The signal drop T2∗ data are dose dependent [10-12]. In our study, a standard dose of 200 µmol/kg was first injected in two rats followed by a dose of 600 µmol/kg that represents an important concentration of 3 times the standard dose. Higher concentrations could not be injected because of blood thrombus risk. Therefore, the dose is probably not an explanation for the absence of iron within the tendon, as is the postinjection delay, since 3D multiecho UTE sequences were performed 24 h but also 48 h after USPIO injection.

As a result, we may consider two options explaining the absence of USPIO particles within the SpA Achilles tendons. (i) An insufficient number of macrophages for significant iron uptake and (ii) an insufficient vascular supply of the enthesis at this very early stage of the disease lead to limited UPSIO particle distribution.

Until now, the scientific literature investigating the use of USPIO in tendon pathologies has focused on i.v. injection of USPIO-labeled mesenchymal stem cells to achieve tendon healing, which differs significantly from our direct i.v. particle injection approach. Scharf et al. injected USPIO-labeled mesenchymal stem cells into an ovine model of mechanical or chemical tendonitis [22]. This study provided promising results, indicating this to be an effective method for cell tracking in a large animal model of tendon injury for up to 7 days after injection.
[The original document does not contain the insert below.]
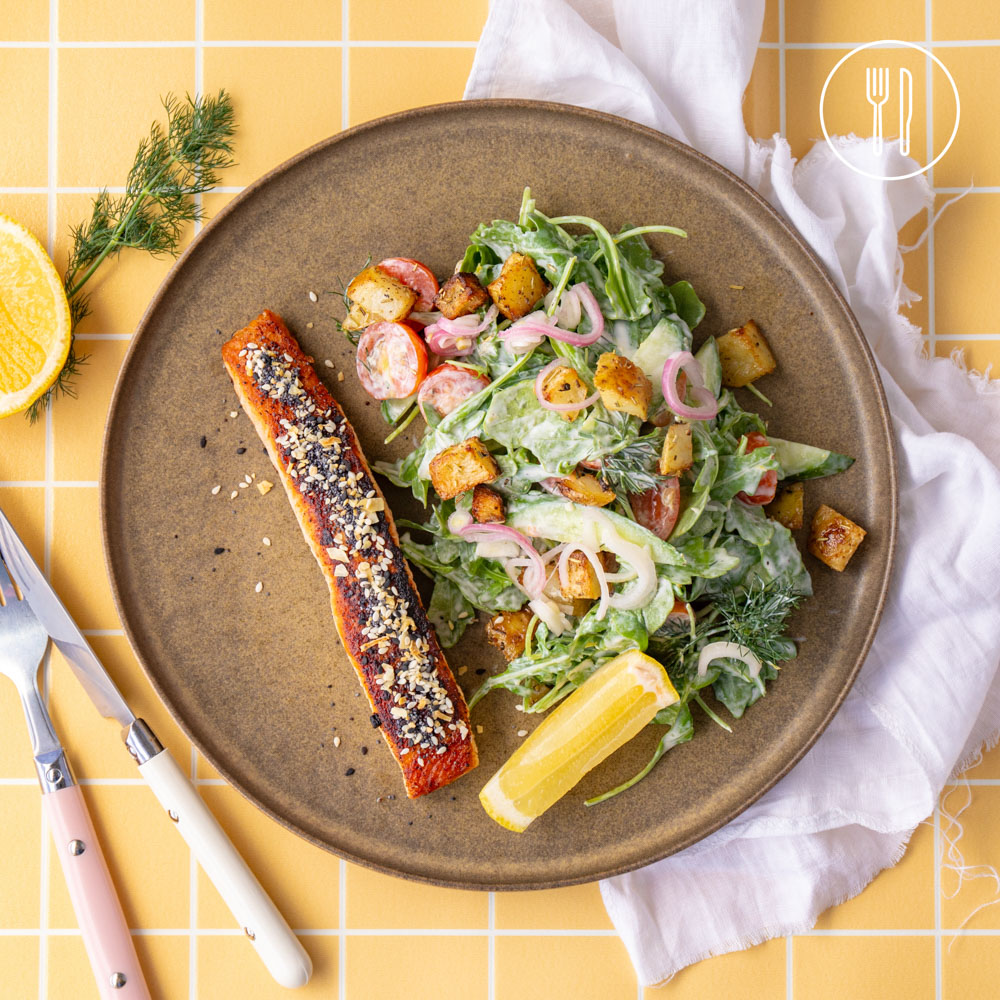 Salmon fillets coated with custom-blend everything bagel seasoning, served with a fresh dill and lemon yoghurt salad, and roast potato croutons.

However, tendons were strictly scanned ex vivo at 7 and 14 days to determine the presence and distribution of intralesional cells with no in vivo MRI assessment [22]. In the same way, Yang et al. [23] demonstrated on a rabbit model that USPIO is suitable to label tendon stem cells and track them in vitro and in vivo using MR imaging, which simultaneously offers a noninvasive method to monitor repair of injured tendons. Castaneda et al. also described efficient labeling of three kinds of stem cells with ferumoxytol that led to significant MR signal effects. This technique may be applied for noninvasive monitoring of stem cell therapies in preclinical and clinical settings [24].

Our study has some limitations. The first concerns the animal model and injection method of the Freund adjuvant. This model, known to be very specific for spondyloarthropathy, is however the only nonautoimmune model validated in the literature [14]. Moreover, the strong homogeneity and reproducibility of the morphologic data obtained in different parts of the tendons on both sequences suggest the absence of spreading.
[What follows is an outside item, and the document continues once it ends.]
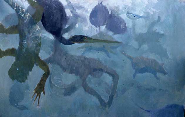 Caribbean coast of Central America. Diaspora is a kind of thought experiment where I imagine all of these creatures underwater--for some a more or less normal reality for others a radically altered reality. There is that unique moment of confusion, disorientation, and opportunity--some will persist, some will adapt and survive, some will perish.
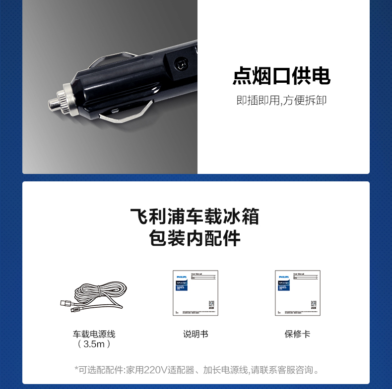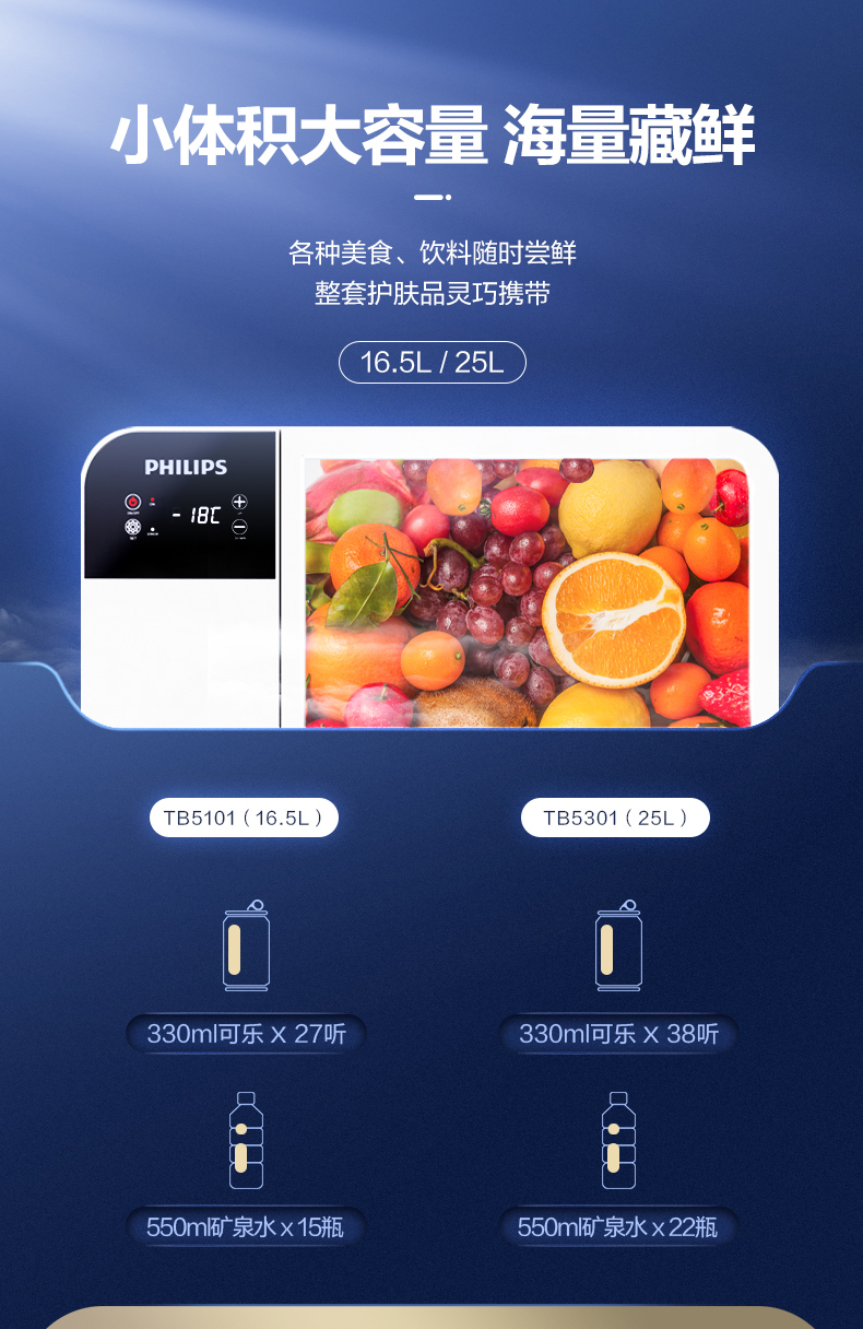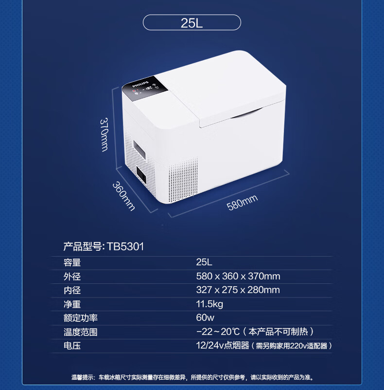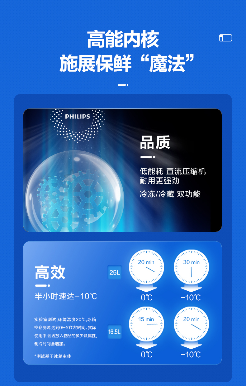 飞利浦/PHILIPS 车载冷冻冰箱25L 车家两用小冰箱母乳冰箱便捷式急速强力制冷 冷冻冷藏防震速 白色

The relatively small number of animals is also a limitation, but quantitative data were sufficiently homogeneous to lead to high levels of statistical significance in the results. To compare with 3D-UTE sequences, we chose a long 3D RARE T2 sequence instead of the more conventional T2 sequence (typically 2D T2 fast spin echo) commonly used in human musculoskeletal imaging because of the high magnetic field used and the need for a very high spatial resolution in our animal model. Last, the UPSIO-injected sample size was small but sufficient to show the absence of interest of USPIO in this model of SpA-induced Achilles enthesitis.

Finally, it is unclear to what extent the results of this animal study can be extrapolated to humans. However, as the anatomy and types of lesions of the tendons were radiologically and histologically similar, these results can serve as a good reference to what could be expected in humans. A similar study on a human population will be necessary to confirm these results.
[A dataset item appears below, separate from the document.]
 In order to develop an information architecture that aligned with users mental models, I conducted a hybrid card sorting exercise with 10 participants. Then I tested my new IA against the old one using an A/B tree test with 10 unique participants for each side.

In conclusion, unlike RARE T2 Fat-Sat sequences, 3D-UTE sequences enable morphologic assessment and visualization of normal enthesis anatomy with early detection of abnormalities in pathological conditions compared to histological data. However, the presence of (a limited number of) macrophages in the pathologic tendons could not be detected by i.v. injection of USPIO particles on the 3D multiecho UTE sequence combined with T2∗ measurements.